Example 4-1. A SOAP-based service with two operations

package rand;

import javax.jws.WebService;
import javax.jws.WebMethod;
import java.util.Random;

@WebService                                                       1
public class RandService {
    private static final int maxRands = 16;

    @WebMethod // optional but helpful annotation                 2
    public int next1() { return new Random().nextInt(); }
    @WebMethod // optional but helpful annotation                 3
    public int[ ] nextN(final int n) {
        final int k = (n > maxRands) ? maxRands : Math.abs(n);
        int[ ] rands = new int[k];
        Random r = new Random();
        for (int i = 0; i < k; i++) rands[i] = r.nextInt();
        return rands;

The @WebService annotation (line 1) marks the RandService POJO class as a web service, and the @WebMethod annotation (lines 2 and 3) specifies which of the encapsulated methods is a service operation.
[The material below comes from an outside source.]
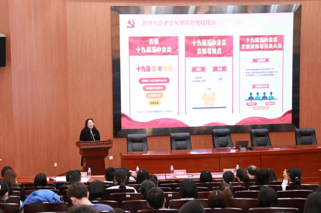 12月2日下午,公司分党校在学术报报告厅开展专题培训,集中学习党的十九届五中全会精神。李朝军经理、杨雪梅书记、陈军副书记、专职组织员陈建群老师以及全体辅导员、员工党员、入党积极分子180余人参加学习。陈建群老师主持学习会。

In this example, the RandService class has only two methods and each of these is annotated as @WebMethod. The @WebMethod annotation is optional but recommended. In a class annotated as a @WebService, a public instance method is thereby a service operation even if the method is not annotated. This SOAP service code is compiled in the usual way, assuming JDK 1.6 or greater.

Recall that core Java 6 or greater includes the Endpoint class for publishing web services, SOAP-based (@WebService) and REST-style (@WebServiceProvider) alike. The class RandPublisher (see Example 4-2) is the Endpoint publisher for the RandService.

Example 4-2. An Endpoint published for the RandService SOAP-based web service

package rand;

import javax.xml.ws.Endpoint;
public class RandPublisher {
    public static void main(String[ ] args) {
        final String url = "http://localhost:8888/rs";                    1
        System.out.println("Publishing RandService at endpoint " + url);
        Endpoint.publish(url, new RandService());                         2

The publish method used here (line 2) takes two arguments: a URL that specifies the service endpoint (line 1) and an instance of the service implementation class, in this case the RandService class (line 2). In the URL, the port number 8888 and the URI /rs are arbitrary, although a port number greater than 1023 is recommended because modern operating systems typically reserve port numbers below 1024 for particular applications (e.g., port 80 is typically reserved for HTTP requests to a web server). The RandPublisher as coded here runs indefinitely, but there are various way to control an Endpoint publisher’s life span.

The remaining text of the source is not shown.